Gray opens “Connell” with a disarmingly vulnerable verse: “You were never outside with me / Spent my summer months in your unwashed sheets / And I know it’s dumb that I’d ever think that I’d meet your mom and dad” (Gray 2025). From the very beginning, love is rendered as something dishonest, confined to secrecy and solitude. The image of “unwashed sheets” becomes a quiet metaphor for shame—intimacy that cannot leave the room. Beneath these lines lies the weight of internalized homophobia, an affection distorted by concealment. What begins as a private confession soon unfolds, in the chorus, into an examination of how desire and self-loathing become inseparable for Gray.
From “my own damn fucking fault” to “pain is what I earned,” the focus turns inward. Gray redirects blame toward himself, as if suffering were not just inevitable but deserved. When he confesses, “you remind me of how good it feels to hurt,” pain is no longer an intrusion—it becomes familiar, almost intimate. Rather than reaching for vindication or the right to be loved openly, Gray finds comfort in the only feeling he’s been allowed to claim.
The chorus starts with what could be the most heart-wrenching lyrics of the song: “You remind me of how good it feels to hurt.” Gray reminds us of his hard past but also sympathizes with a universal feeling within the queer community—hurting as a comforting feeling. From stories such as Call Me By Your Name to Thelma & Louise, where queer-coded lines always end in tragedy and drama, queerness is learned as an obscure feeling that only foretells tragedy.
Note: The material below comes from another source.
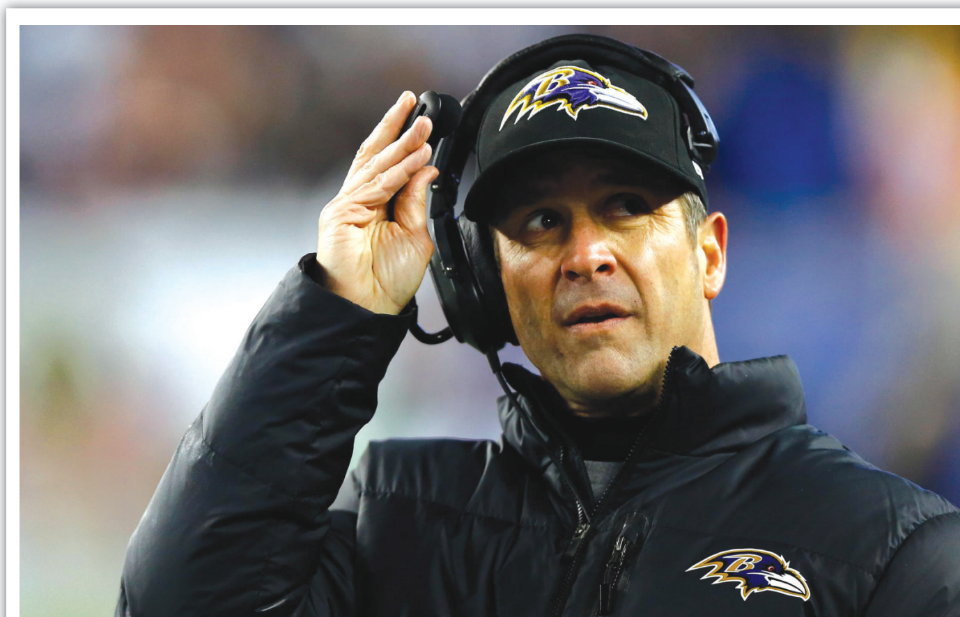
John Harbaugh

The Dolphins travel to Kansas City to face a Chiefs team that is more vulnerable than previous years. So, an upset could be in play. It's very possible that Miami ends up back at M&T Bank Stadium, where the Ravens blew them out 56-19 in Week 17.

Young queer people are taught, in an indirect way, to protect—or rather disguise—their queer nature to avoid pain, even when this isolation might be the very reason for their hurting.
But after this tragic vision of love, is it possible to unlearn the hatred toward oneself? “Validate the worst thoughts inside my head / That I’m not worth shit, and I’m better dead / Who’s the victim in the end?” Gray exposes how he uses this relationship to “validate” what he has always believed—or rather, what he has been taught to believe. The final line, “Who’s the victim in the end?” carries an almost unbearable weight. Is the victim the person who cannot accept their own nature, the society that made that nature unspeakable, or the self that learned to find comfort in pain?
The question lingers unanswered, suspended between guilt and longing. Yet, as I wrote before, queer love is also an act of reclaiming softness—of allowing tenderness to exist without apology. In “Connell,” Gray stands at the edge of that possibility, tracing the boundaries between self-loathing and self-recognition. Perhaps unlearning pain begins there: not in forgetting what hurt, but in daring to imagine a version of love that doesn’t have to.
“Connell” leaves its listener suspended between shame and tenderness, between the desire to be seen and the fear of it. In tracing this quiet ache, Gray captures what it means to love from the margins—to mistake pain for proof, and still reach for something softer. There’s no resolution, only the fragile hope that love, someday, might stop hurting.